### [Material for this exercise]
-------------------------

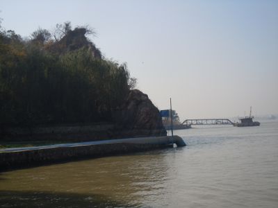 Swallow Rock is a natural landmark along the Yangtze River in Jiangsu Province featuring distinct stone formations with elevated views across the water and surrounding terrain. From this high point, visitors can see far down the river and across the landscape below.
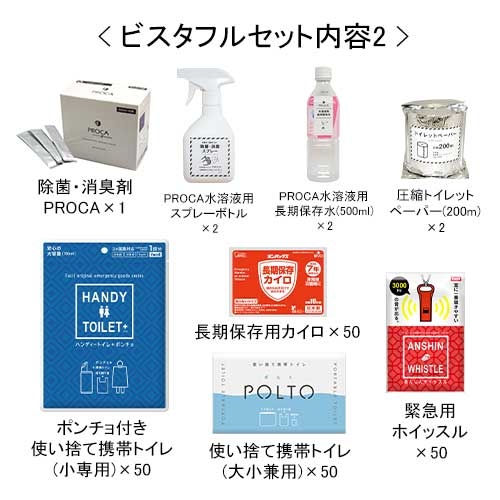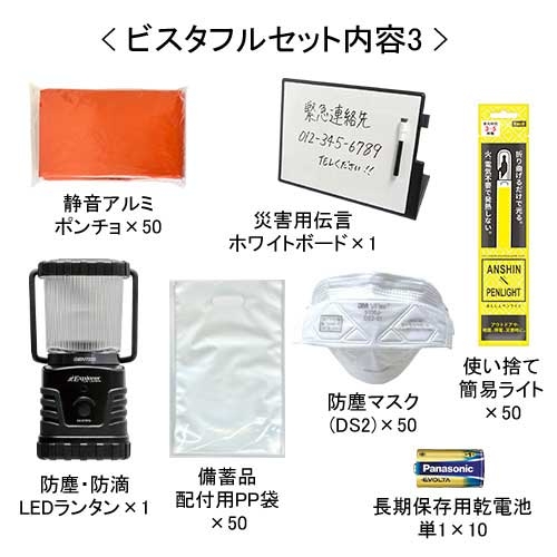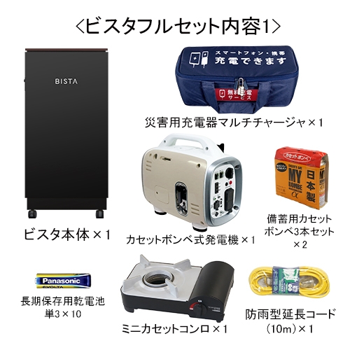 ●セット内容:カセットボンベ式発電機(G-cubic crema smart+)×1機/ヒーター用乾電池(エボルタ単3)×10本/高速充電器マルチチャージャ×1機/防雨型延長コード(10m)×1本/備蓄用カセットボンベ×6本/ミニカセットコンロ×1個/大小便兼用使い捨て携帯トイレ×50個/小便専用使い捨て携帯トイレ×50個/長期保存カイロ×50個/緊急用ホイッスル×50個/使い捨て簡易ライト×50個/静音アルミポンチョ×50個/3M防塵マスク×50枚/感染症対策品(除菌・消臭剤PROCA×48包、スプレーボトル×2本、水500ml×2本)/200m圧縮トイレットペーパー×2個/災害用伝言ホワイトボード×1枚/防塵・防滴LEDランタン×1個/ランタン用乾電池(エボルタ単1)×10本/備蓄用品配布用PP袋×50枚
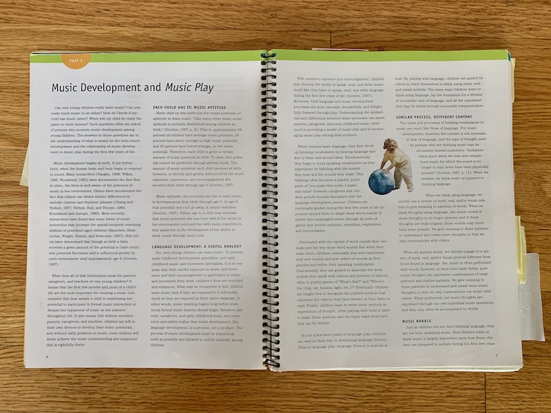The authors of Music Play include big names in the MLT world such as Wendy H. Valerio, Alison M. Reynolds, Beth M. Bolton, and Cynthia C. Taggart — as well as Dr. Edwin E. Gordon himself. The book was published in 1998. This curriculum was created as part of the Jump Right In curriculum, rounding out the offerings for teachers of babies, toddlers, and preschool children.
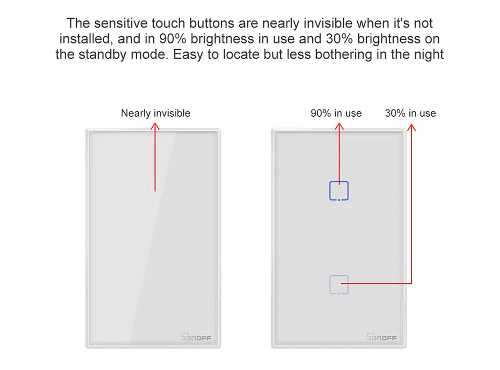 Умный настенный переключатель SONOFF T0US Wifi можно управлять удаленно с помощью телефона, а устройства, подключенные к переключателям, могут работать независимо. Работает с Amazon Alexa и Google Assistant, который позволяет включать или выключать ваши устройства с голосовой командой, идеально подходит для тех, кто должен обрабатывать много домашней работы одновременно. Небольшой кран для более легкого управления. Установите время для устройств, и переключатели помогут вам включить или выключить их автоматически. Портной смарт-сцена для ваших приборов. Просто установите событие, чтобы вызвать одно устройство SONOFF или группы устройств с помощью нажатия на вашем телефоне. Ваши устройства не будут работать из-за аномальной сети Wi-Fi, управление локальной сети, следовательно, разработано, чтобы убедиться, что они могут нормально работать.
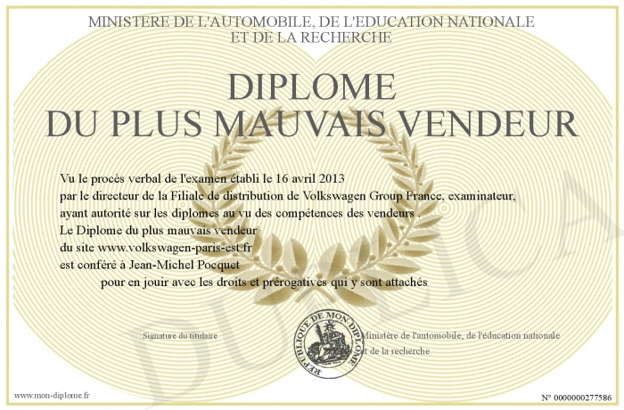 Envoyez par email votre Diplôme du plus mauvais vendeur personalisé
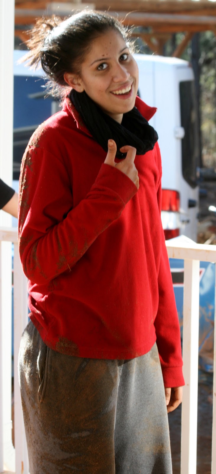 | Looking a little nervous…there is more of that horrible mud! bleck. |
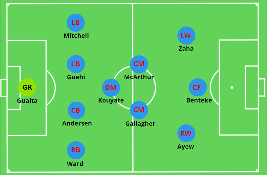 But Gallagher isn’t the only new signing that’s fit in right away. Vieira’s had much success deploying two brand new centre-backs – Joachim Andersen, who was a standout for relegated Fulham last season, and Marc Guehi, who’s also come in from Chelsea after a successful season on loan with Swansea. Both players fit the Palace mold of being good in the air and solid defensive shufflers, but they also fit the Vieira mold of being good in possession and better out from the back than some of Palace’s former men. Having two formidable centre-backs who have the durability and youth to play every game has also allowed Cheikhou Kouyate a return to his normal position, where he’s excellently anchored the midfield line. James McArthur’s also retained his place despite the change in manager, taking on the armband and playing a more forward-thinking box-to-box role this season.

-------------------------

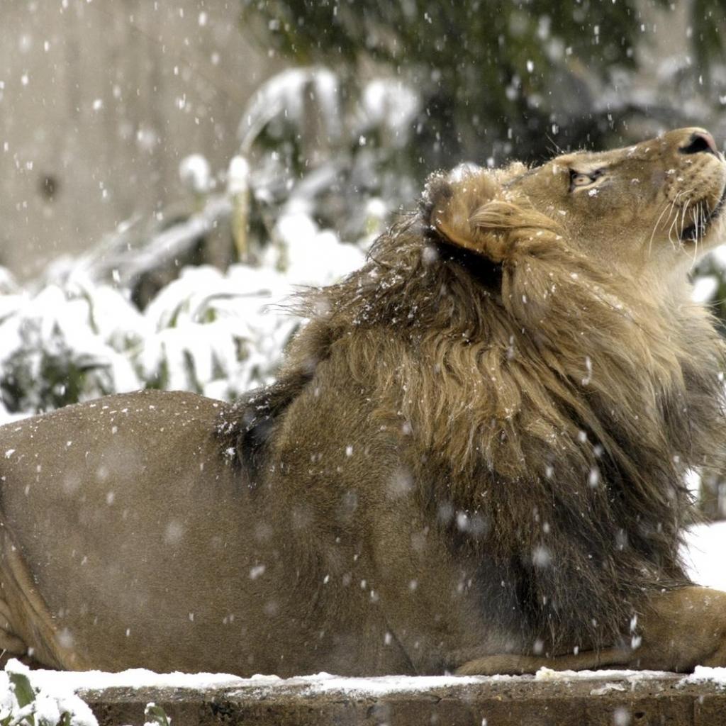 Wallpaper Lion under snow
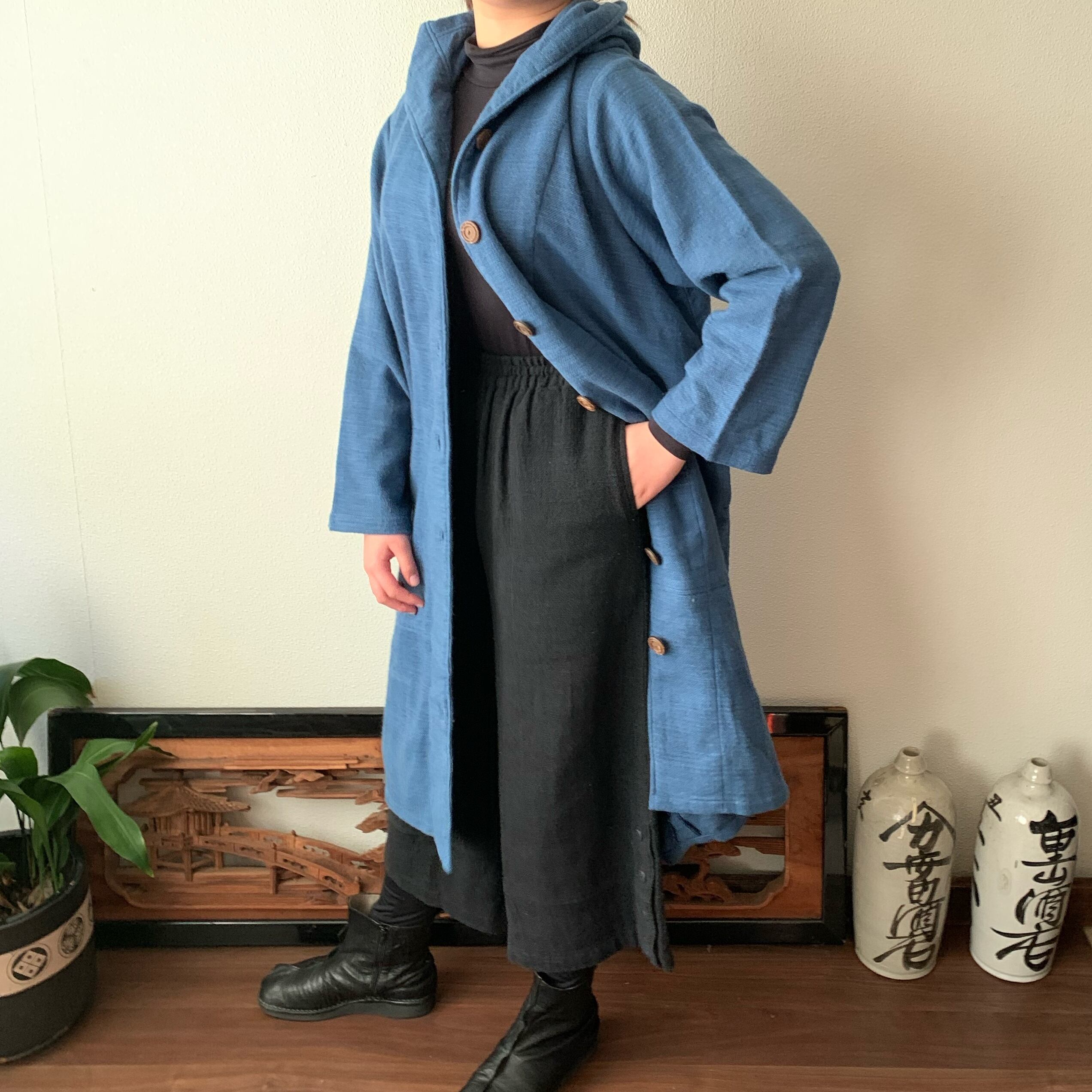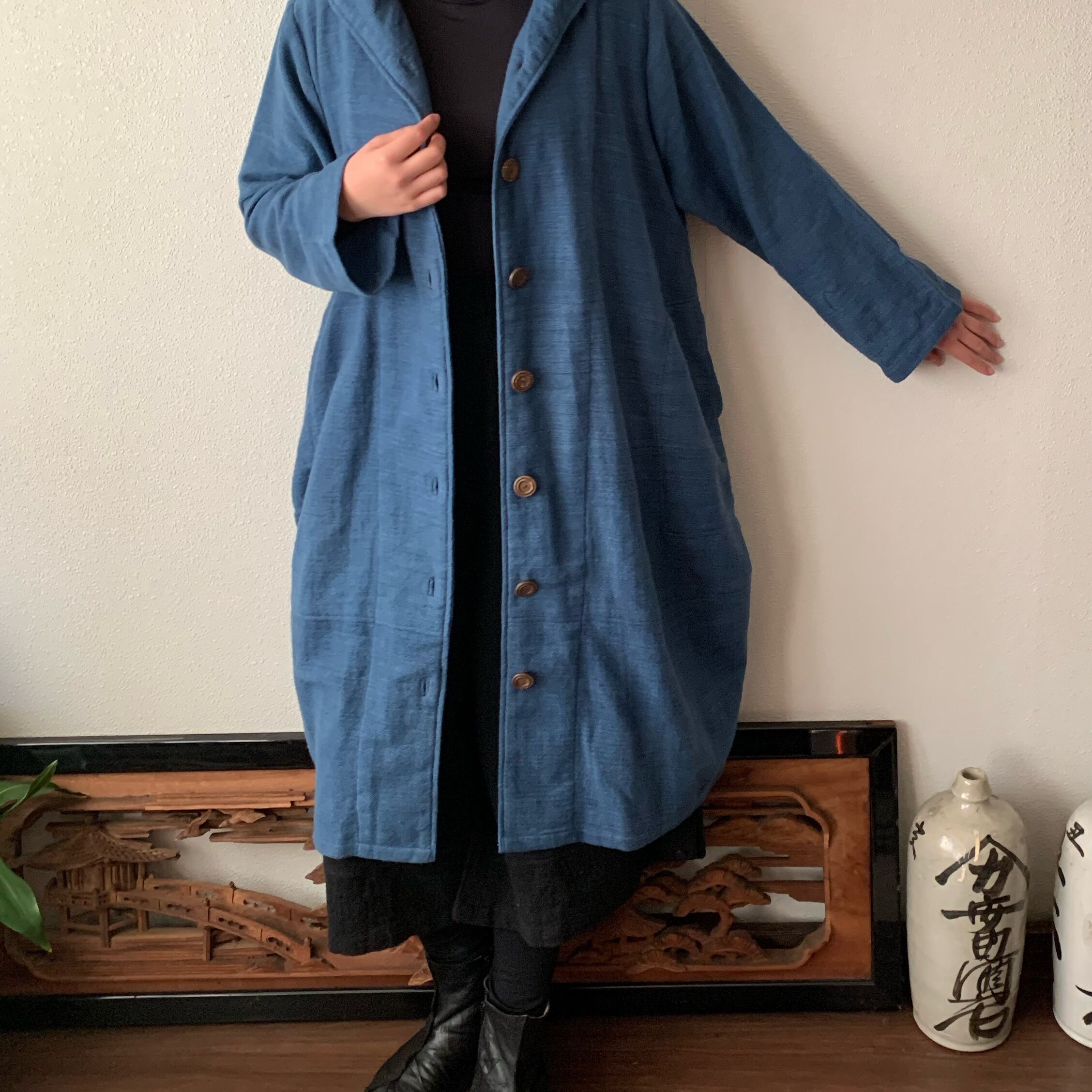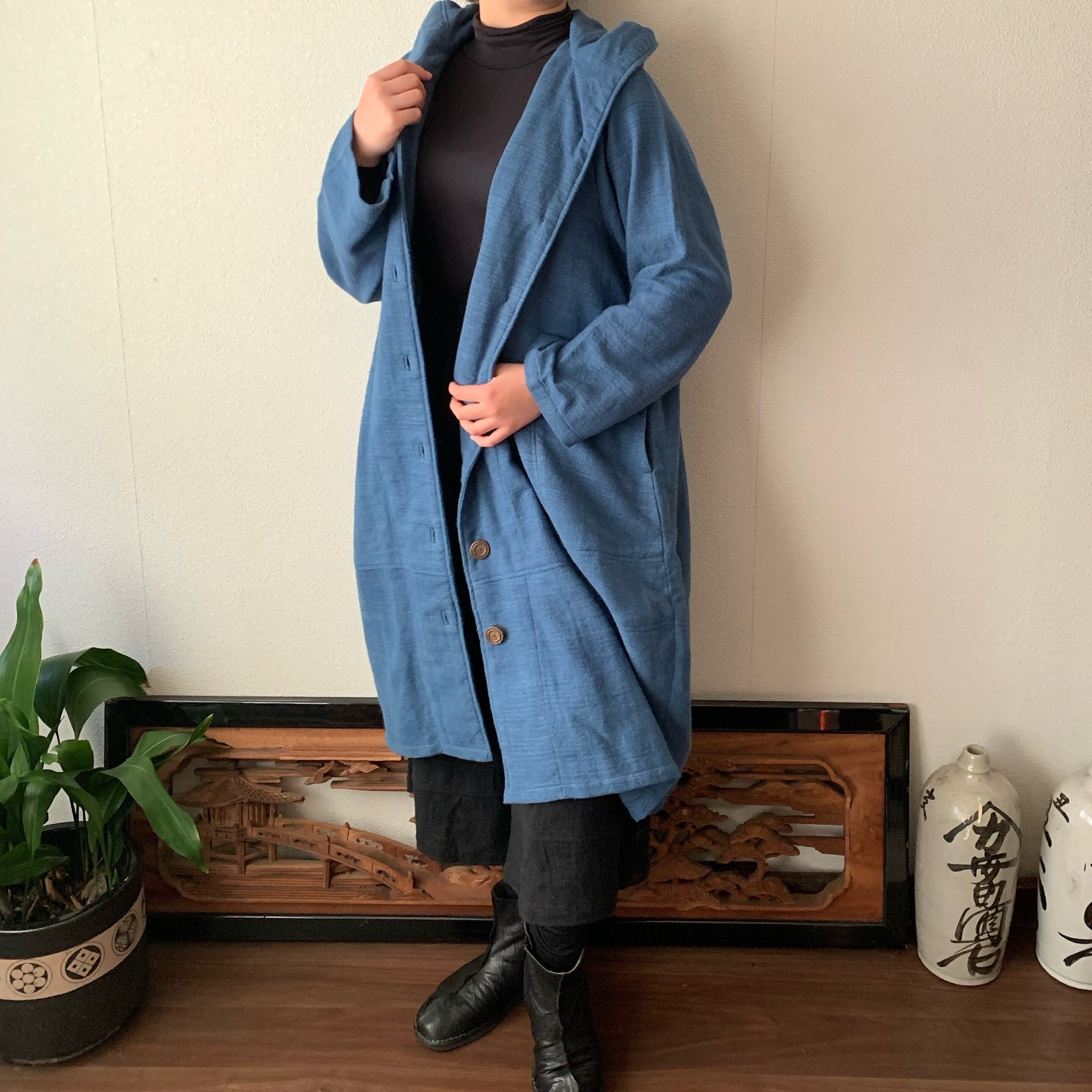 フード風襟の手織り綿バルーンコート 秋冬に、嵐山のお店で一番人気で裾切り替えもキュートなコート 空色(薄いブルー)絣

-------------------------

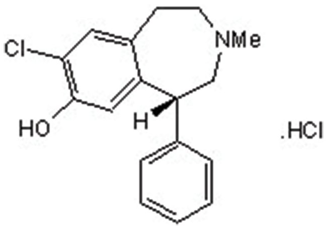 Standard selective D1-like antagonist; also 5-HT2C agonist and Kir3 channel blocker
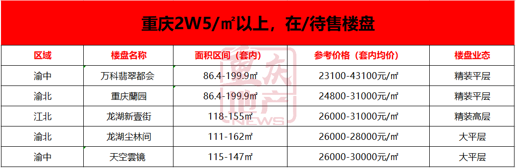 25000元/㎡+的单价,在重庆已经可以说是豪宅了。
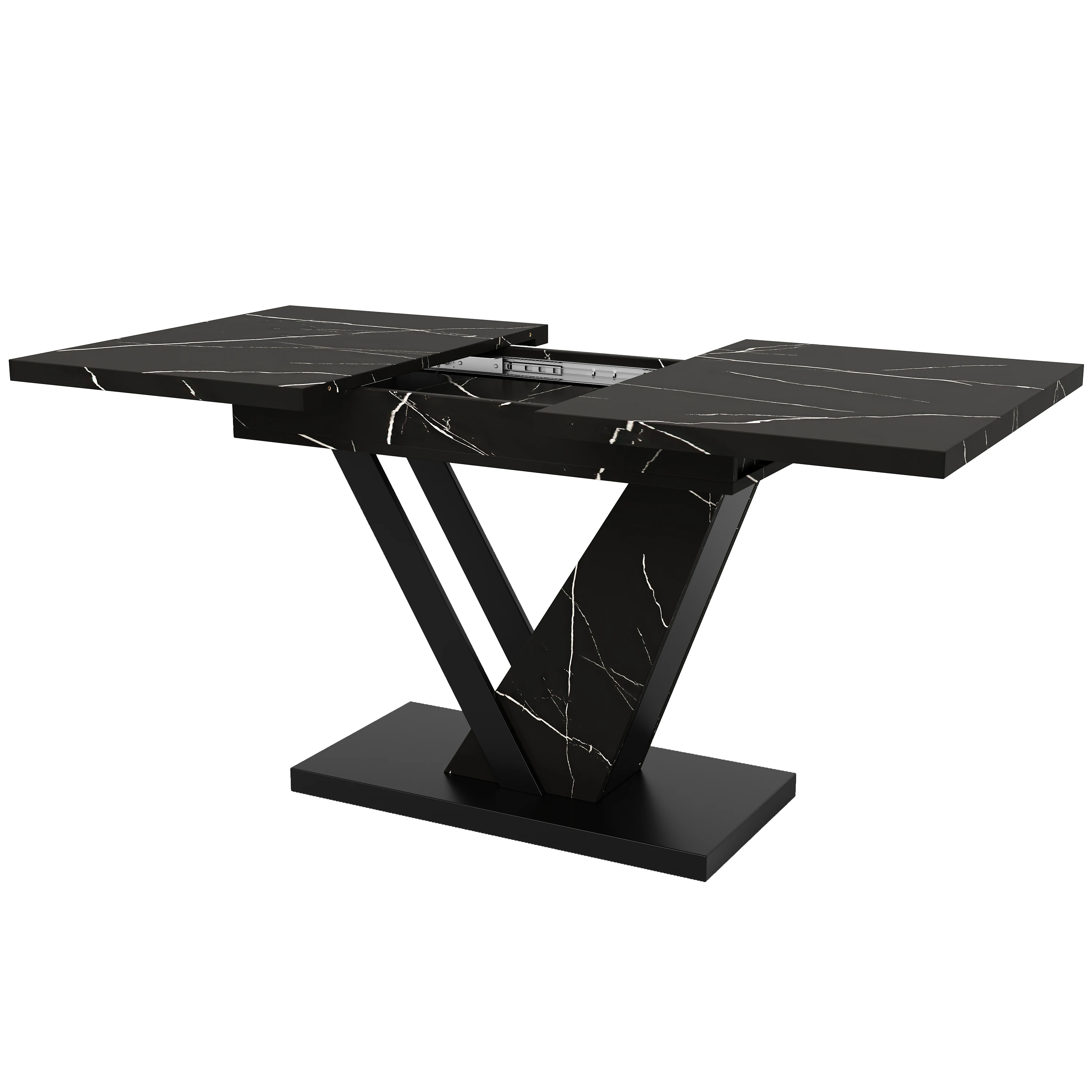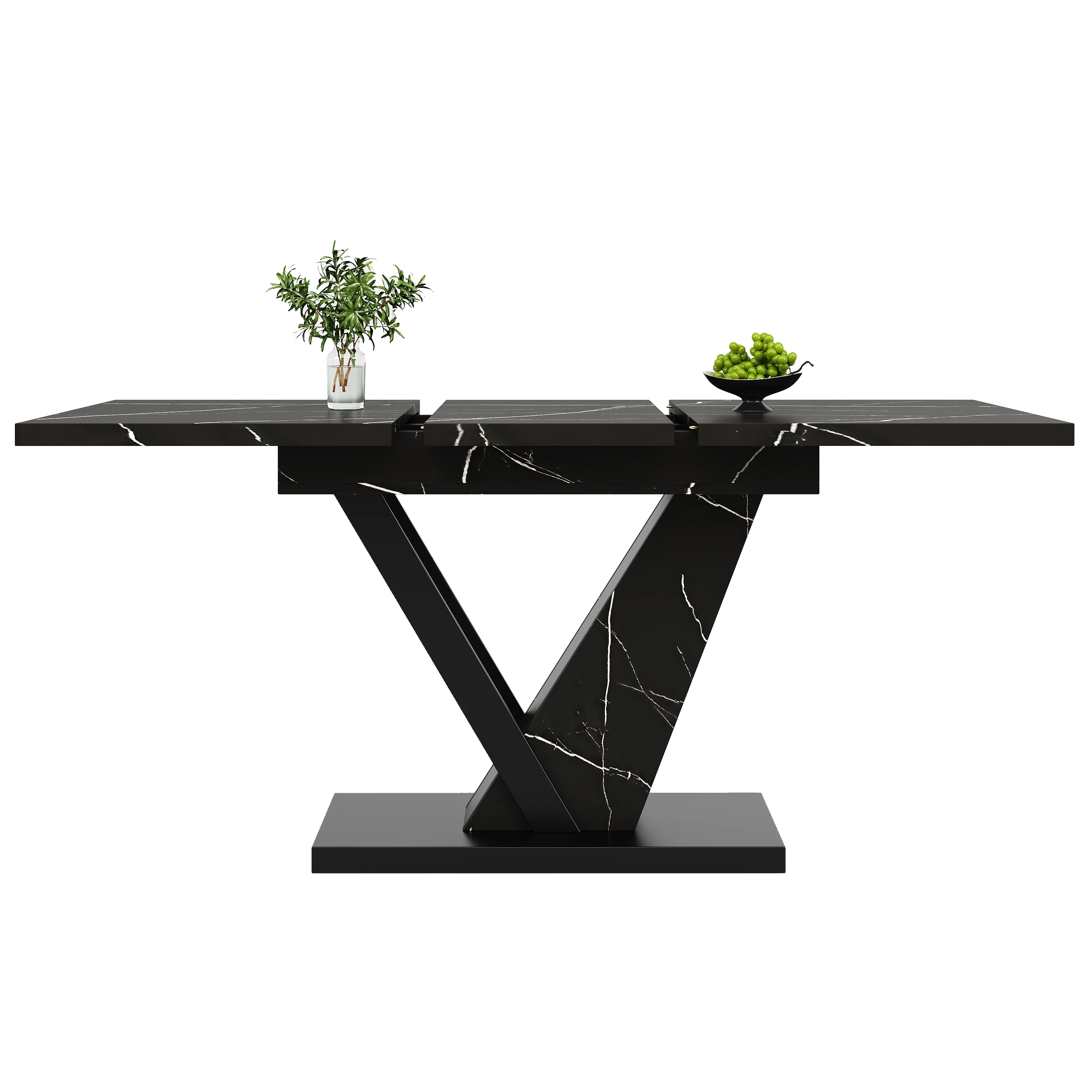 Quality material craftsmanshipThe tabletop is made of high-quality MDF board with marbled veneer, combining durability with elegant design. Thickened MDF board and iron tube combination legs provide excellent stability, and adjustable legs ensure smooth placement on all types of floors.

-------------------------

### [Instructions for the task]
Within the listing above, find the line containing "Wallpaper Lion under snow" and the line containing "フード風襟の手織り綿バルーンコート 秋冬に、嵐山のお店で一番人気で裾切り替えもキュートなコート 空色(薄いブルー)絣". Transcribe them and everything between them exactly, leaving out the pictures.

### [Output]
 Wallpaper Lion under snow
 フード風襟の手織り綿バルーンコート 秋冬に、嵐山のお店で一番人気で裾切り替えもキュートなコート 空色(薄いブルー)絣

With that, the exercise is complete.